**Task to complete:**
From the line that contains "Car Multi-functional Driver" down to the last line of the data below, restate every line word for word, skipping any images.

**Provided entries:**

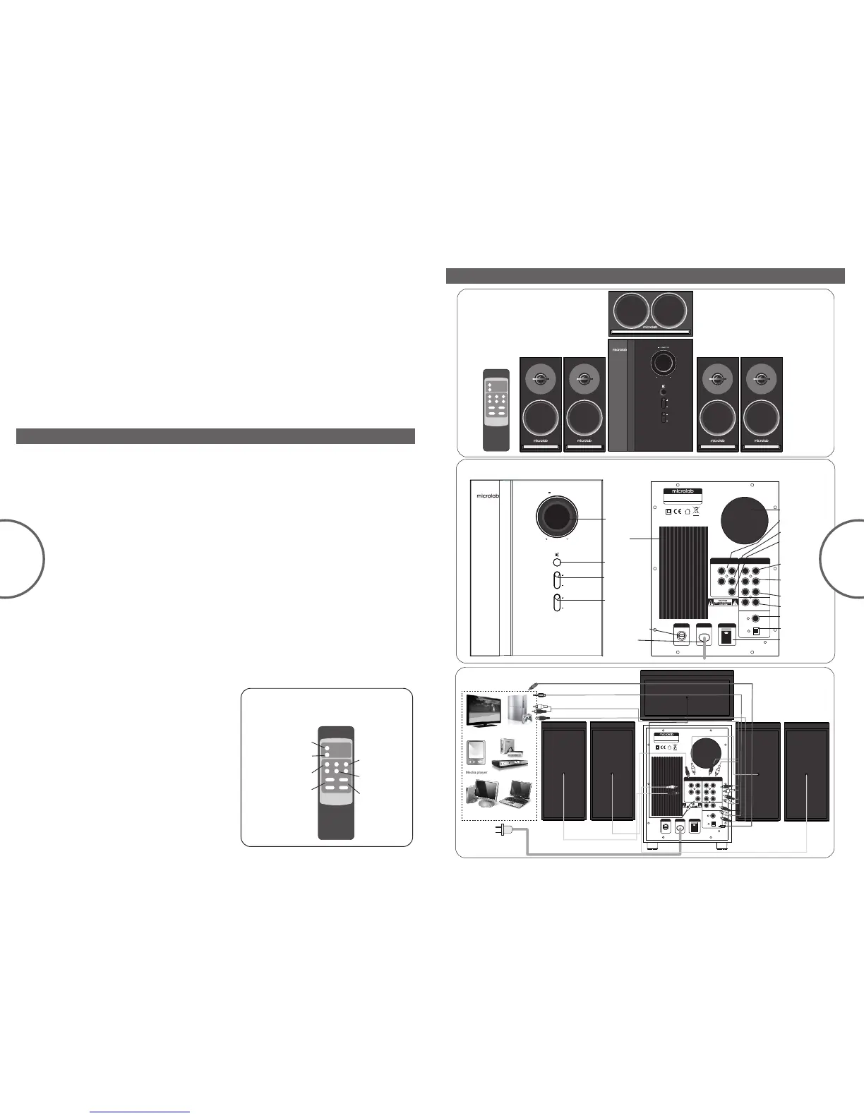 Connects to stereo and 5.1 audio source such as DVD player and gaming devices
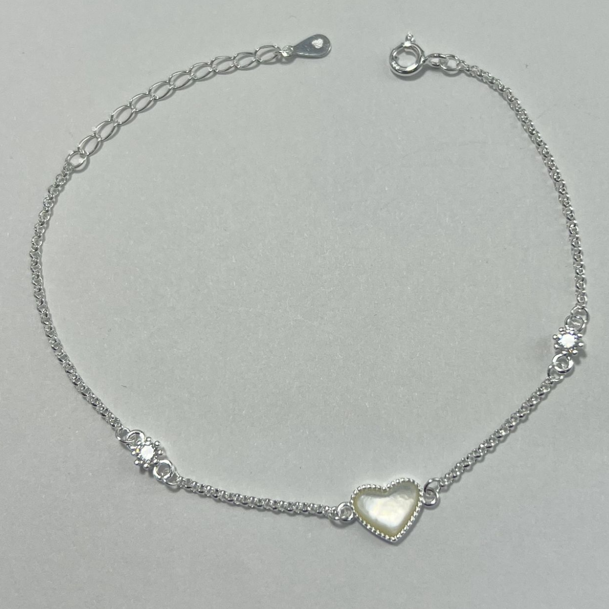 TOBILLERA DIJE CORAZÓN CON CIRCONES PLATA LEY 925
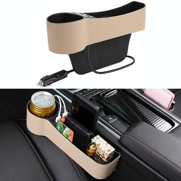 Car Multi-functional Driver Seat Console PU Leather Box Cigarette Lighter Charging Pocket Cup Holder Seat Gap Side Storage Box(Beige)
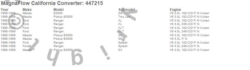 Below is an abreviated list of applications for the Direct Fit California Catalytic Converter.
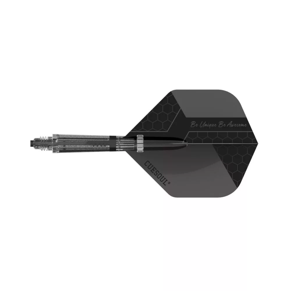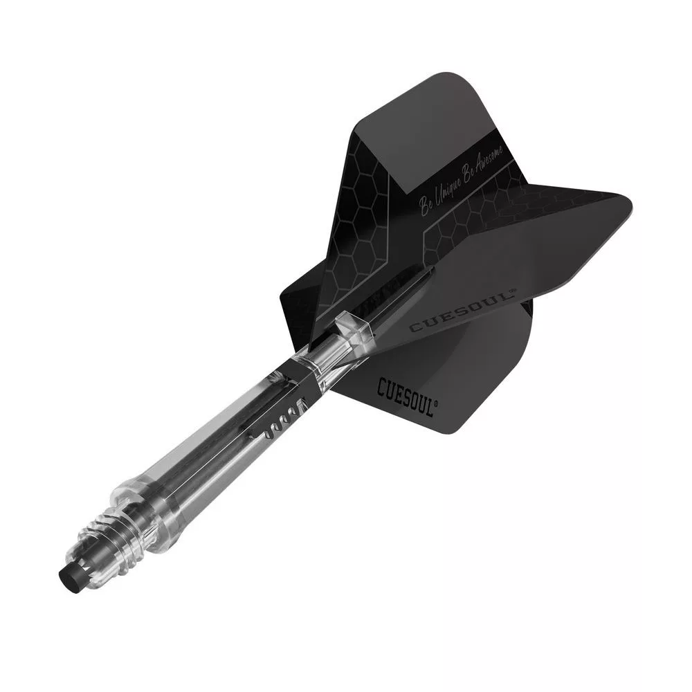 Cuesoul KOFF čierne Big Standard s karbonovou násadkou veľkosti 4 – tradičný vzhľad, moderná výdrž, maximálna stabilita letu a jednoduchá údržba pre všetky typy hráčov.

**Answer to the problem:**
 Car Multi-functional Driver Seat Console PU Leather Box Cigarette Lighter Charging Pocket Cup Holder Seat Gap Side Storage Box(Beige)
 Below is an abreviated list of applications for the Direct Fit California Catalytic Converter.
 Cuesoul KOFF čierne Big Standard s karbonovou násadkou veľkosti 4 – tradičný vzhľad, moderná výdrž, maximálna stabilita letu a jednoduchá údržba pre všetky typy hráčov.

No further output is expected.